If you are already feeling confused, the confusion can get worse. Consider this slight variation on our original first_33 data frame:

# First 3 rows, last three columns.
first_3_end_3 = ratings.iloc[:3, 3:]
first_3_end_3
Helpfulness Overall Quality Easiness
0 3.821866 3.791364 3.162754
1 3.641526 3.566867 3.063322
2 3.701530 3.657641 2.710459

Knowing what you know now - does the following give a view on the row, or a copy of the row?

first_row_f3e3 = first_3_end_3.iloc[0]
first_row_f3e3
Helpfulness        3.821866
Overall Quality    3.791364
Easiness           3.162754
Name: 0, dtype: float64

We can check by setting a value on the row.

first_row_f3e3.iloc[0] = 99
first_row_f3e3
Helpfulness        99.000000
Overall Quality     3.791364
Easiness            3.162754
Name: 0, dtype: float64

Now you have guessed, have a look at the output of the cell below. If first_row_f3e3 was a view, then the first value in the first column of the underlying data frame — first_3_end_3 — will have changed to 99. If it was a copy, it will have the value it had before - 3.821866.

first_3_end_3
Helpfulness Overall Quality Easiness
0 99.000000 3.791364 3.162754
1 3.641526 3.566867 3.063322
2 3.701530 3.657641 2.710459

Was first_row_f3e3 a view or a copy? Did you guess right?

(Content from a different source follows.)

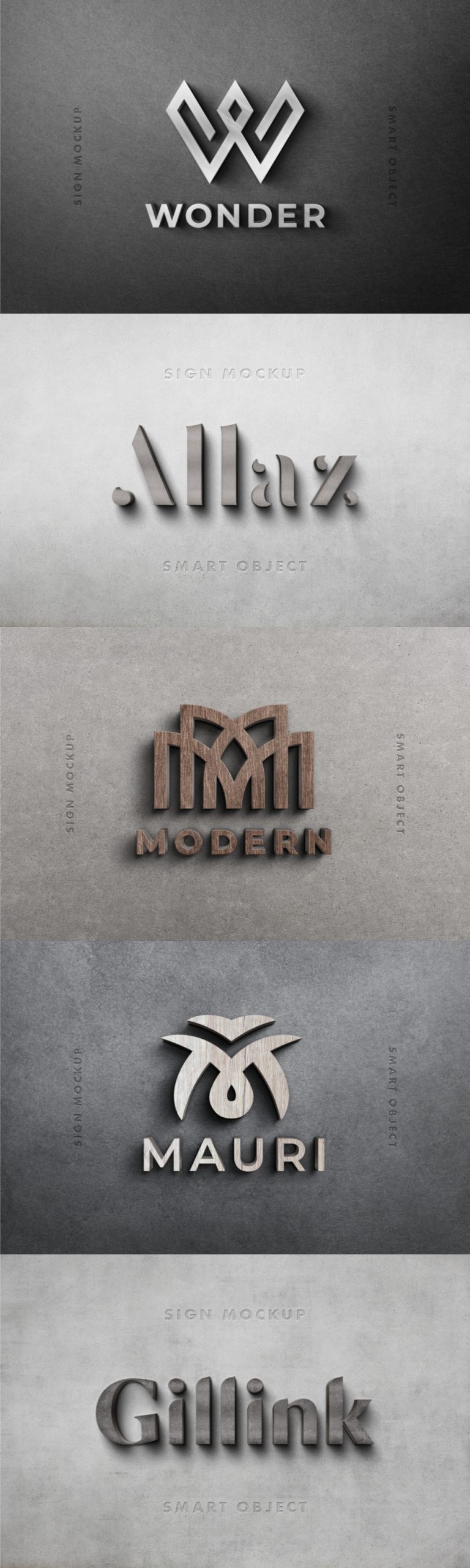 5款混凝土墙面金属与实木LOGO样机PSD模板

The point of all this is to say that - when you take stuff out of a Pandas data frame with indexing, it can be very difficult to predict whether you have a view or a copy, and it can depend what data you have in your date frame.

For example, above, we found that if all the data in the data frame are floats, then I get a view, but in our previous data frame – first_33 — that has a mixture of column types, including strings and numbers, I got a copy.

The way out of this steaming set of tubes into hell, is to use safe handling of Pandas.